Task brief = When you transcribe the listing that follows, keep every line exact and skip any picture.

Given data START

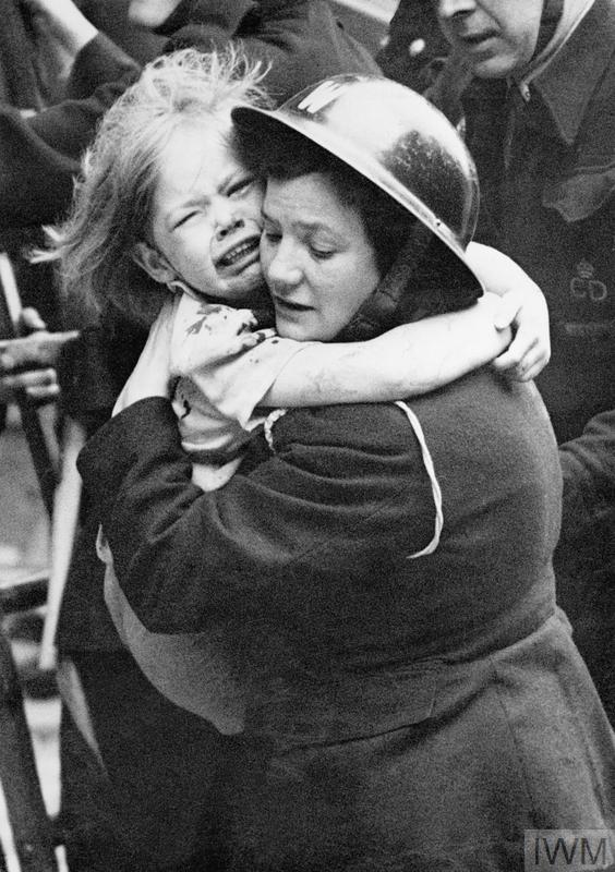 Florence Kelly, a female warden, carrying Suzanne Oliphant, a little girl, after she had been rescued by a fireman from a house, IWM
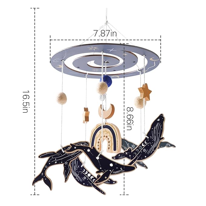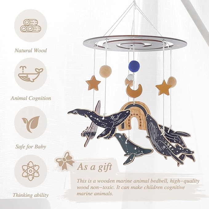- đłăExcellent DesignăďźLull your baby to sleep with this fun ocean theme mobile hanging. Wonderfully designed whalesăhappy ocean friends are dancing around blue and white felt balls on baby crib mobile. Soothe your baby and let them sleep peacefully with the magical underwater scenery.
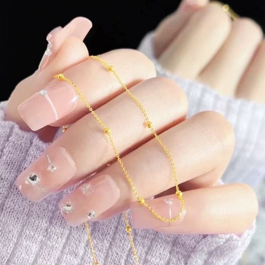Korean-Style Minimalist Layered Gold Bead Clavicle Chain for Women, Trendy Ins Light Luxury Necklace, Snake Bone Chain, Bare Chain, Plain Chain, Bead Chain

Given data END

Answer area =
 Florence Kelly, a female warden, carrying Suzanne Oliphant, a little girl, after she had been rescued by a fireman from a house, IWM
- đłăExcellent DesignăďźLull your baby to sleep with this fun ocean theme mobile hanging. Wonderfully designed whalesăhappy ocean friends are dancing around blue and white felt balls on baby crib mobile. Soothe your baby and let them sleep peacefully with the magical underwater scenery.
Korean-Style Minimalist Layered Gold Bead Clavicle Chain for Women, Trendy Ins Light Luxury Necklace, Snake Bone Chain, Bare Chain, Plain Chain, Bead Chain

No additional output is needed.